__Exercise objective__:
Every line from the one holding "Funda para Teléfono" through the one holding "In 2025, CST" in the data below must be returned exactly, both ends included, with pictures left out and nothing else added.

[[ Dataset records open ]]

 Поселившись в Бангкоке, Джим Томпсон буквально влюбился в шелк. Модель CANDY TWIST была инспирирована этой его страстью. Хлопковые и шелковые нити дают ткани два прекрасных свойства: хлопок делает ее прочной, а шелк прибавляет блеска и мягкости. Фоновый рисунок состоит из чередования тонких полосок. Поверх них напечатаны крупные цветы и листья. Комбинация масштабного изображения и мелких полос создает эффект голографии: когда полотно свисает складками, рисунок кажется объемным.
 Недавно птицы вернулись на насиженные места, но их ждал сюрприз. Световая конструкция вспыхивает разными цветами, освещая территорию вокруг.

[[ Dataset records closed ]]
[[ Dataset records open ]]

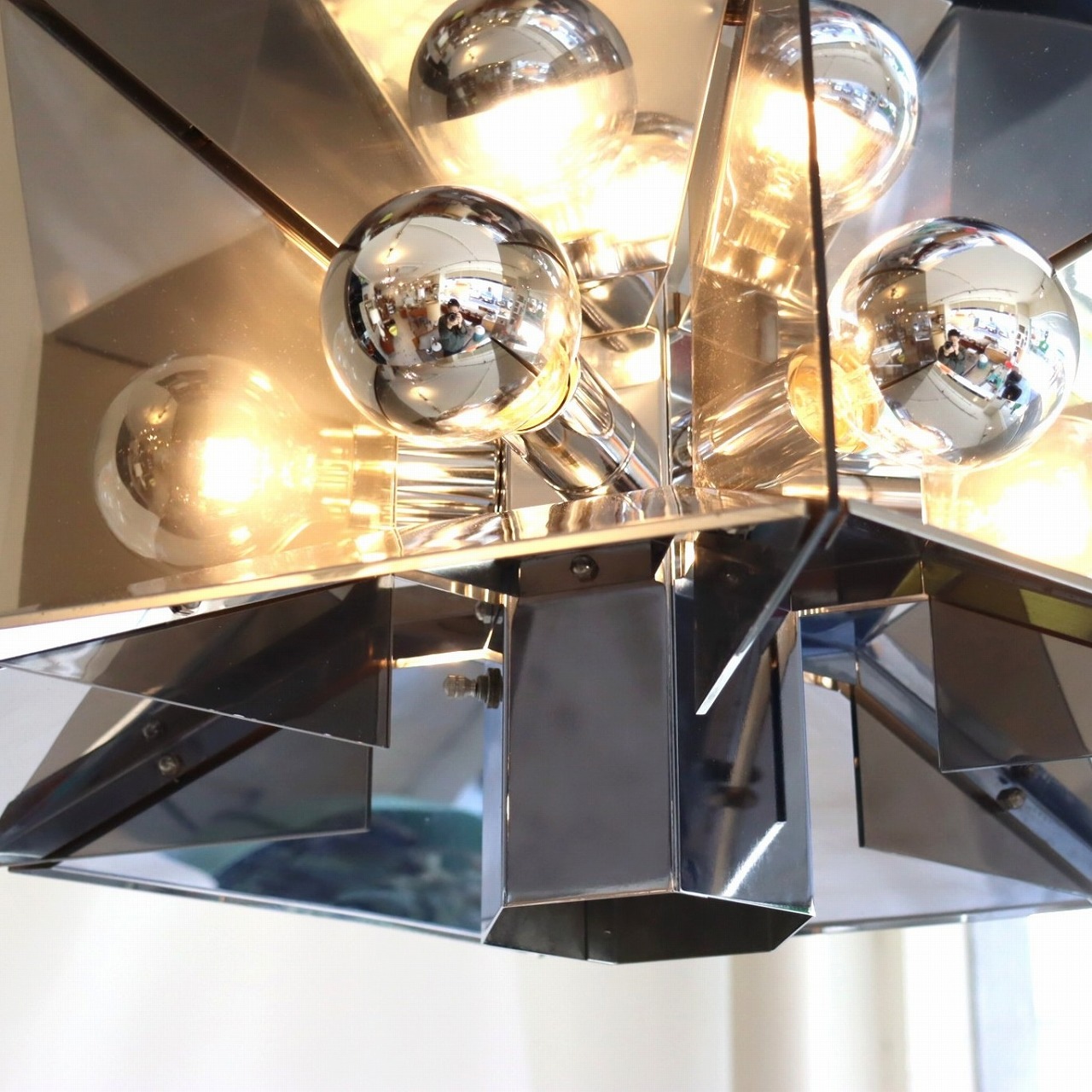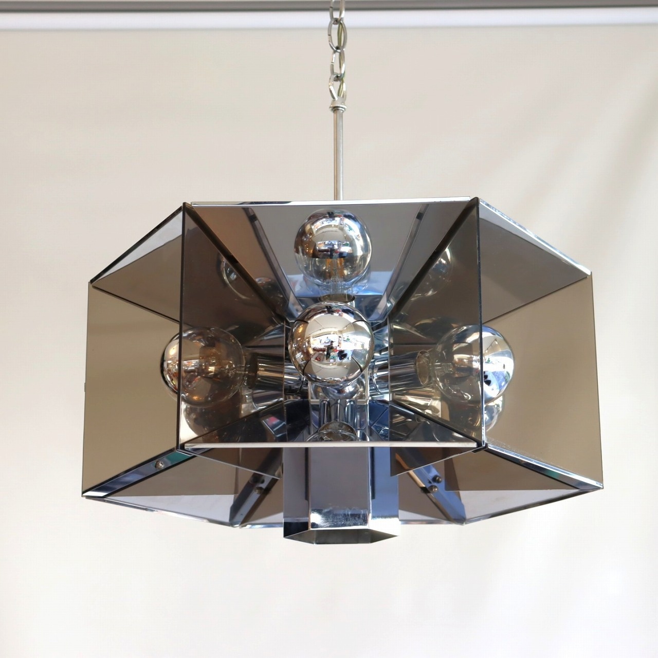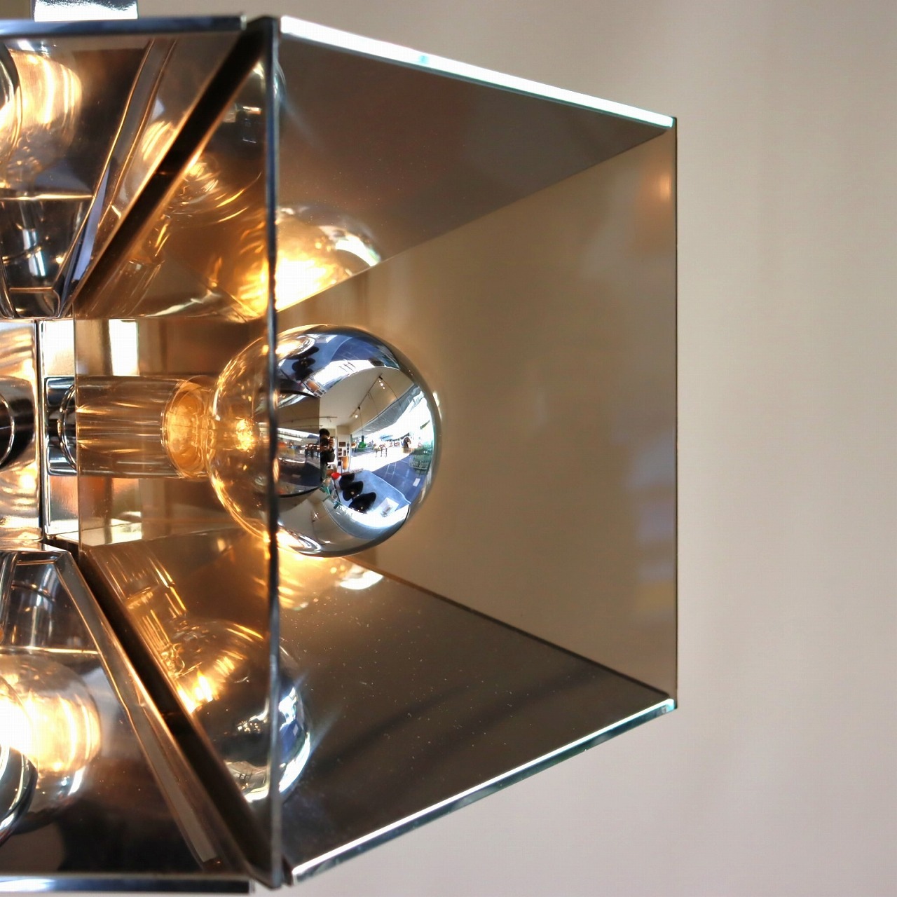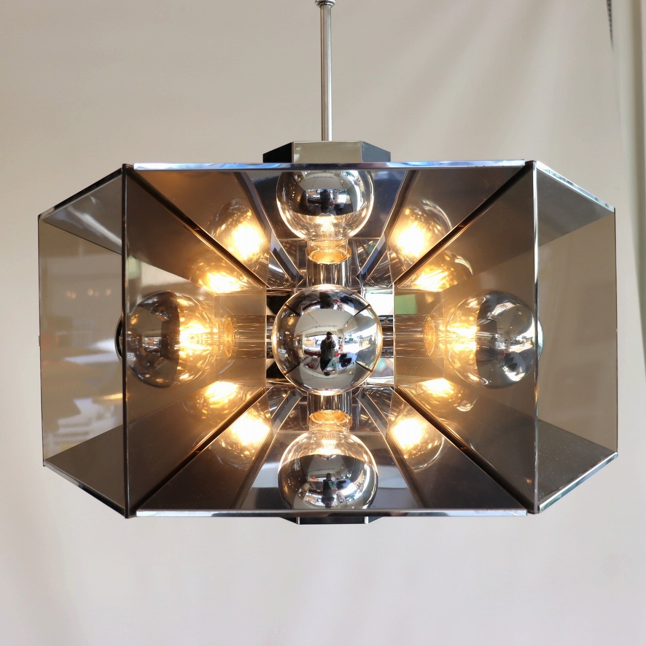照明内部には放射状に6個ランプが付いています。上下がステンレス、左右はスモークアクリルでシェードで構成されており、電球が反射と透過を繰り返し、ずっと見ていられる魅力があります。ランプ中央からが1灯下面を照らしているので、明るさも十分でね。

[[ Dataset records closed ]]
[[ Dataset records open ]]

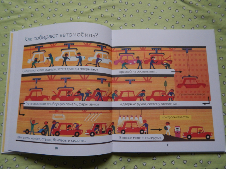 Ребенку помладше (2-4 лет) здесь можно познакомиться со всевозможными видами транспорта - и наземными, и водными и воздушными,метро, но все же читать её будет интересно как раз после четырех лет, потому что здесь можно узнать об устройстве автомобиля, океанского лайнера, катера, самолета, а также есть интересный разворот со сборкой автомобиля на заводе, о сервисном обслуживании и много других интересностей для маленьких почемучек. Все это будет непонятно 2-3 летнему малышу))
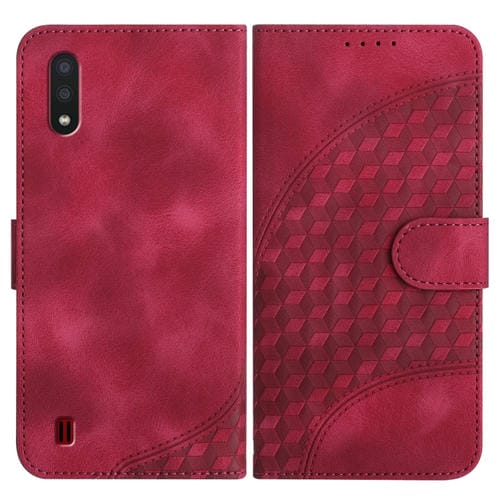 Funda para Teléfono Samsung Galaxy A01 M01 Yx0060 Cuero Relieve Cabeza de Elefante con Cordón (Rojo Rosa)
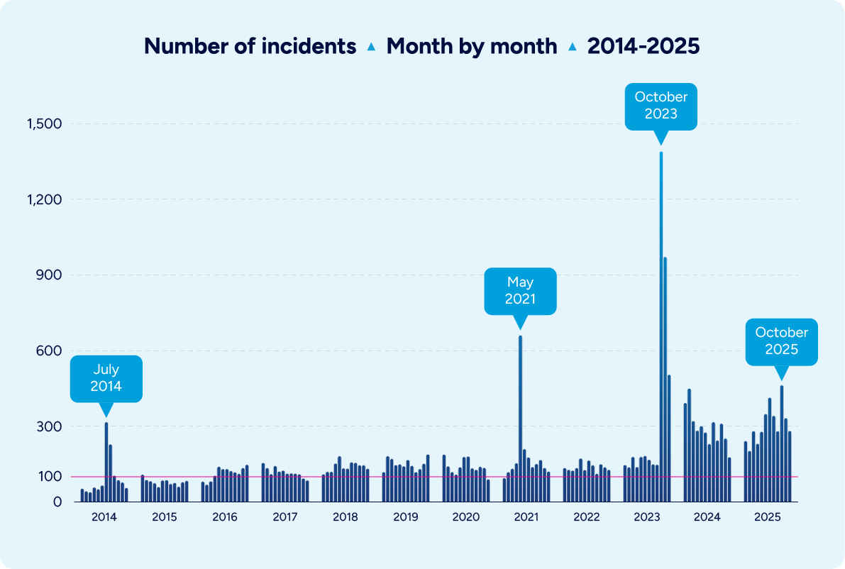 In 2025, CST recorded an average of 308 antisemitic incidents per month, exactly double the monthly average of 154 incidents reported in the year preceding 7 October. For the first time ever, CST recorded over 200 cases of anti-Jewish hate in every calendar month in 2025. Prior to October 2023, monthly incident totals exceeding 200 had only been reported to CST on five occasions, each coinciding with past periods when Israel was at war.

[[ Dataset records closed ]]

__Exercise solution__:
 Funda para Teléfono Samsung Galaxy A01 M01 Yx0060 Cuero Relieve Cabeza de Elefante con Cordón (Rojo Rosa)
 In 2025, CST recorded an average of 308 antisemitic incidents per month, exactly double the monthly average of 154 incidents reported in the year preceding 7 October. For the first time ever, CST recorded over 200 cases of anti-Jewish hate in every calendar month in 2025. Prior to October 2023, monthly incident totals exceeding 200 had only been reported to CST on five occasions, each coinciding with past periods when Israel was at war.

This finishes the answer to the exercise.